Hi Marcel,
On Sat, Oct 04, 2003 at 06:51:42PM +0200, Marcel de Riedmatten wrote:
>
> I was making write tests on a 1.5TB xfs filesystem and after unmounting
> it i can't mount it again. It looks like a log corruption or something.
> This is what i found in syslog: i try to mount multiple times
>
>
>
> Oct 4 17:15:35 grobelix kernel: XFS mounting filesystem sd(8,1)
> Oct 4 17:15:36 grobelix kernel: Starting XFS recovery on filesystem:
> sd(8,1) (dev: 8/1)
> Oct 4 17:15:36 grobelix kernel: XFS: log mount/recovery failed
> Oct 4 17:15:36 grobelix kernel: XFS: log mount failed
> Oct 4 17:15:50 grobelix kernel: XFS mounting filesystem sd(8,1)
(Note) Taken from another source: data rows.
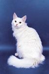 Шерсть длинная, мягкая, шелковистая, густая, с густым подшерстком. Окрас белый (не должно быть желтого оттенка); на морде каштановые пятна, на лбу обязательно должно быть белое пятно. Уши белые. Зеркальце носа, подушечки лап, внутренняя сторона ушей - нежно-розового цвета. Хвост каштановый, с несколькими более бледными кольцами (у молодых кольца заметней). Глаза круглые, светло-янтарные; веки с розовым ободком.
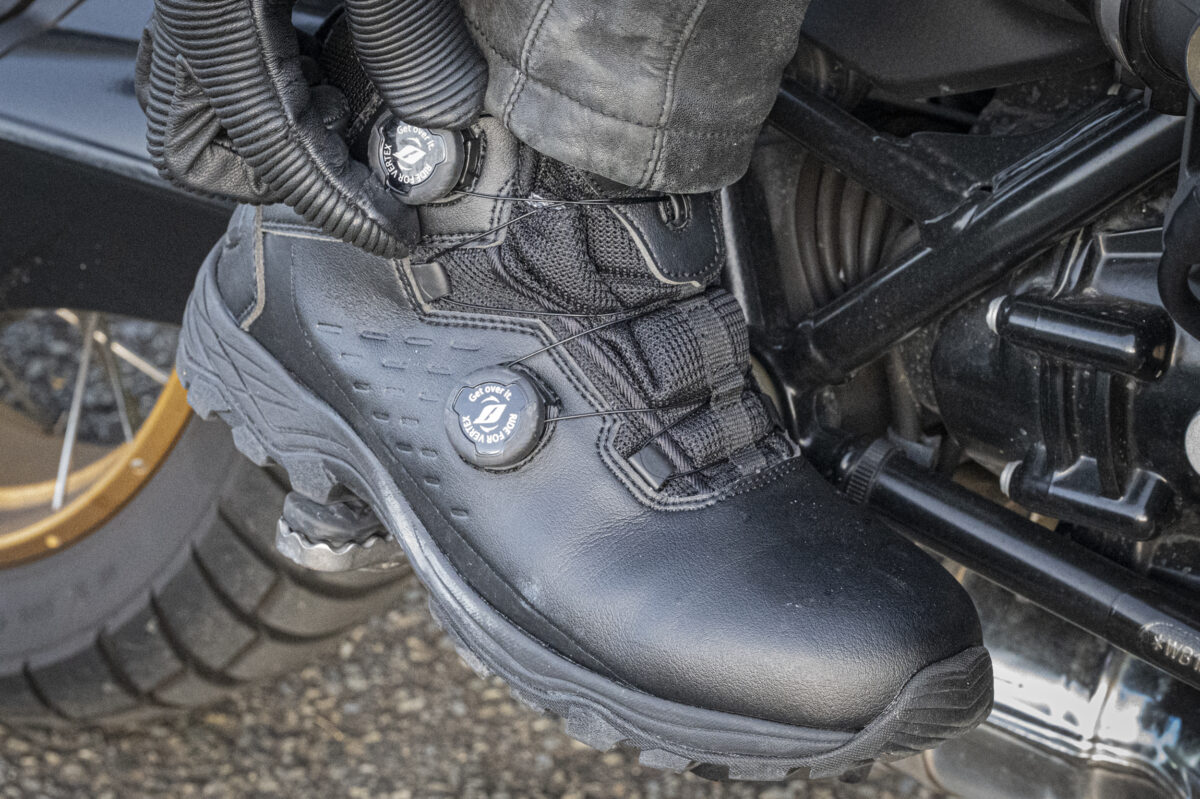 筆者の足は幅広で甲高なので、既存のライディングブーツではサイズ選びに苦労するのですが、ストラテージ・ショートブーツはどんな足の形でも自在にフィットさせられるフレキシブルさを備えているのです。
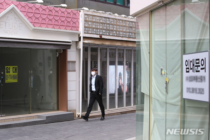 [서울=뉴시스] 박미소 기자 = 코로나19 확산으로 국내 취업자 중 자영업자가 차지하는 비중이 사상 처음으로 20% 아래로 떨어졌다고 밝혀진 19일 오후 서울 중구 명동 거리의 점포에 임대문의 안내문이 붙어있다. 19일 통계청의 '9월 고용동향'에 따르면 전체 취업자 중 자영업자가 차지하는 비중을 보면 19.97%로 사상 최저를 기록했다. 2021.10.19. [email protected]
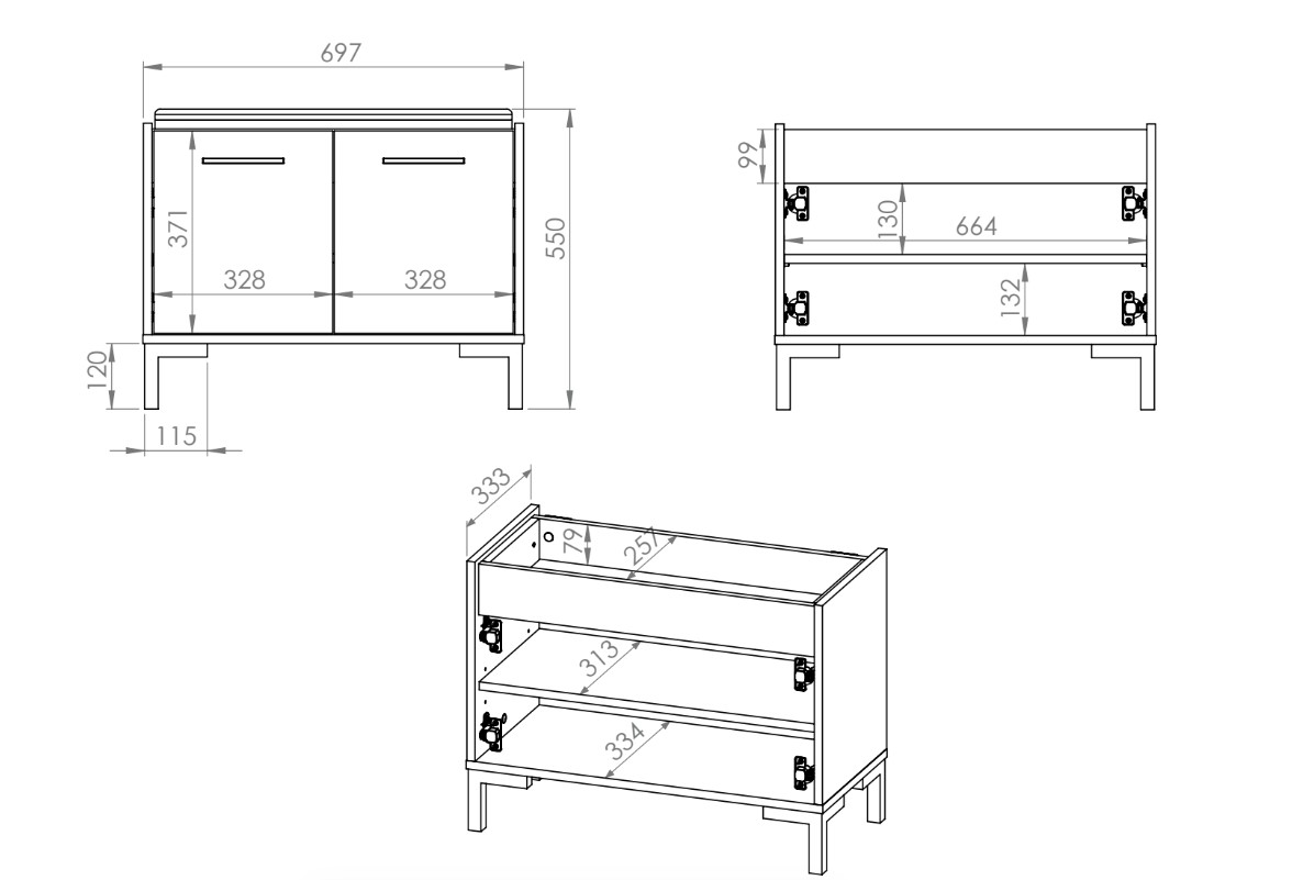 Botník je vyrobený z kvalitného laminátu 16 mm, ktorý je odolný voči poškodeniu a vlhkosti. Nohy sú plastové.
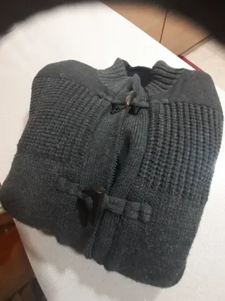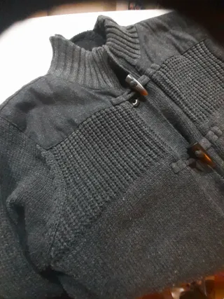 Chaqueta de punto gruesa, ideal para el otoño y el invierno. Cuenta con un suave forro interior de felpa para mayor calidez. - Cierre de cremallera. - Cuello alto acanalado. - Detalle de botones tipo toggles en la parte frontal. - Paneles texturizados en el tejido. Apenas usada dos puestas. Vendo por quedar grande.
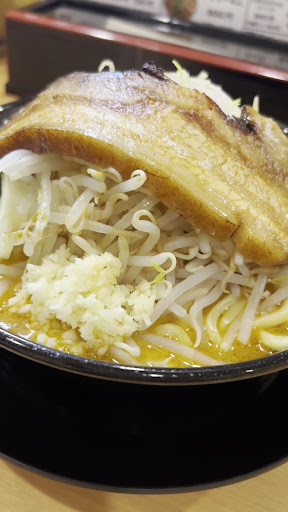 Read more初めてお邪魔しました。平日のお昼。店内広く待たずに入店。一人なのでカウンター席へ。最近のラーメン屋には珍しくテーブル席が多いので家族で訪れ易いお店かな。隣の家族にはお子様椅子が必要かどうか、どういったタイプの椅子が良いかまで尋ねてくれていて気が利くなぁと感心。女性店員さんお二人でやられていましたが女性ならではの視点ですかね。気持ち良いです。 豚骨ラーメンが売りの様ですが写真のチャーシューに惹かれて醤油二郎を注文。食べ切る自身が無いので小900円。小でも麺280で普通のラーメンなら大盛りです。そこから140gずつ増やせるようです。野菜も200g入りで無料トッピングのマシで+200g、マシマシで400g出来ます。もちろん食べ切る自信が無いのでマシません。平日ランチはライスも無料でしたがこちらもお断りしました。トッピングは有料350円のチャーシューのみです。チャーシュー食べたかったので。本家の二郎を食べたことがないので比べてどうかは分かりませんが十分美味しいラーメンでした。コシのある太麺、凄くシャキシャキなもやし、それに負けないスープ。そして厚みは控え目で横長に大きいチャーシュー、炙ってあり香ばしいだけでなくトロトロ食感。トロトロのためにあえて厚切りではない(普通のラーメンのものよりは厚いです。2〜3枚分の厚みはあります)のでしょう。1枚350円、人によってどう感じるかですが、私は良い値段設定に感じました。食べてみないと分からないですね。 他に辛醤油二郎、まぜそばなどもありました。ただ、私以外のお客さん全員が豚骨ラーメンを頼んでいるのを見て次回は豚骨に挑戦しようと思います。豚骨は辛子高菜のトッピングが無料で替え玉150円(平日100円)との事なので替え玉しても二郎と同じ位の値段です。 会計は最近には珍しくレジで後払い。私はこっちの方が好きです。ごちそうさまをちゃんと伝えられるので。 着ていたセーターを汚した言い訳ではありませんが、私が小さいからなのかカウンターのテーブルが少し高く食べづらく感じてしまいました。ただ、そこから提供するカウンターの台?までも少し高いので前を気にせず食べられる様にとの...
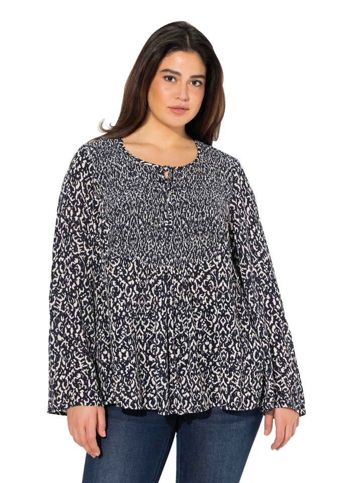 Блузка удобного кроя, с узором по всей поверхности и эластичным присборенным бюстом. Круглый вырез с разрезом и завязывающимся ремешком, широкие длинные рукава.
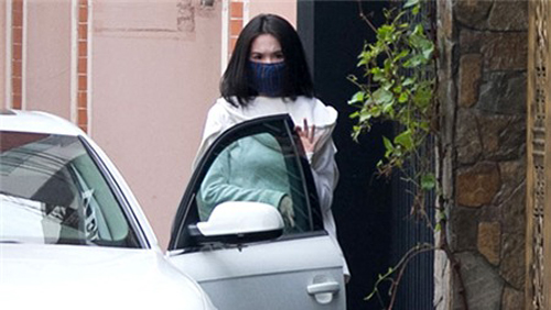 Ngồi trong ô tô, Ngọc Trinh cũng phải mặc áo, đeo khẩu trang kín mít.
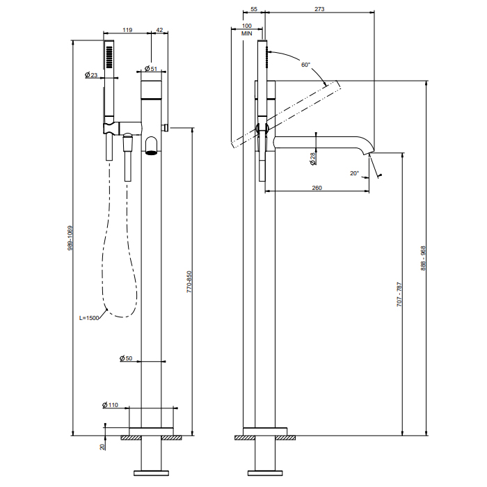 Смеситель Gessi Habito 70428#299 напольный для ванны, черный матовый
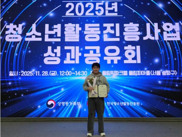 [한국제일신문, 윤진성기자] 순천시는 지난 28일 서울특별시 올림픽파크텔에서 열린 2025년 청소년활동진흥사업 통합 성과공유회에서 순천시청소년문화의집 방과후아카데미를 수료한 왕윤성 학생이 『2025년 청소년방과후아카데미 활동수기 공모전』 일반부문에서 성평등가족부 장관상(대상)을 수상하는 쾌거를 이뤘다고 밝혔다.
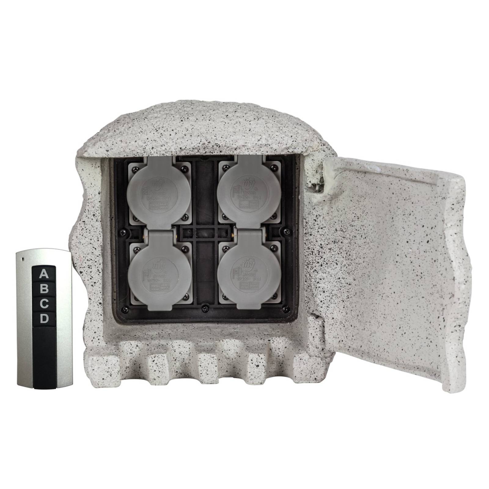 Allacciamento elettrico Piedra in finto granito con telecomando Molto decorativo e pratico questo allacciamento elettrico Piedra in poliresina a forma di pietra in granito. Permette di collegare quattro luci o attrezzi con un carico massimo fino a 1.200 W. È dotato di cavo di allacciamento da 5 m H07RN-F3G1,5. Con il telecomando radio compreso nella fornitura con un raggio di azione fino a 30 m è possibile accendere o spegnere singolarmente le 4 prese. grado di protezione IP44.
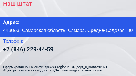 Наш Штат по адресу 443063, Самарская область, Самара, Средне-Садовая, 30 в дальнейшем Организация, размещена в следующих категориях:
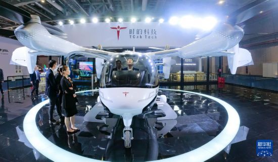 11月5日,參會者在第七屆進(jìn)博會汽車展區(qū)體驗時的科技E20 eVTOL電動垂直起降飛行器。

> Oct 4 17:15:50 grobelix kernel: Filesystem "sd(8,1)": XFS internal
> error
> xlog_clear_stale_blocks(2) at line 1253 of file xfs_log_recover.c.
> Caller
...
> (0xe8539c54))
> Oct 4 17:15:50 grobelix kernel: [<f898e900>] xlog_find_tail [xfs] 0x3c0
> (0xe8539c5c))
...
> This is xfs-1.3 whith Axel Thimm smp i686 package at
> http://atrpms.physik.fu-berlin.de/dist/rh73/kernel/
>
>
> Hardware is supermicro dual xeon board (x5dp8-g2) with 2 GB of ram and a
> 3ware 8506-8 with 7 disks raid5.
>
>
> Then try xfs_logprint (without -t ) but it segfault:
>
xfs_logprint without -t prior to xfsprogs-2.5.10 couldn't handle v2 logs.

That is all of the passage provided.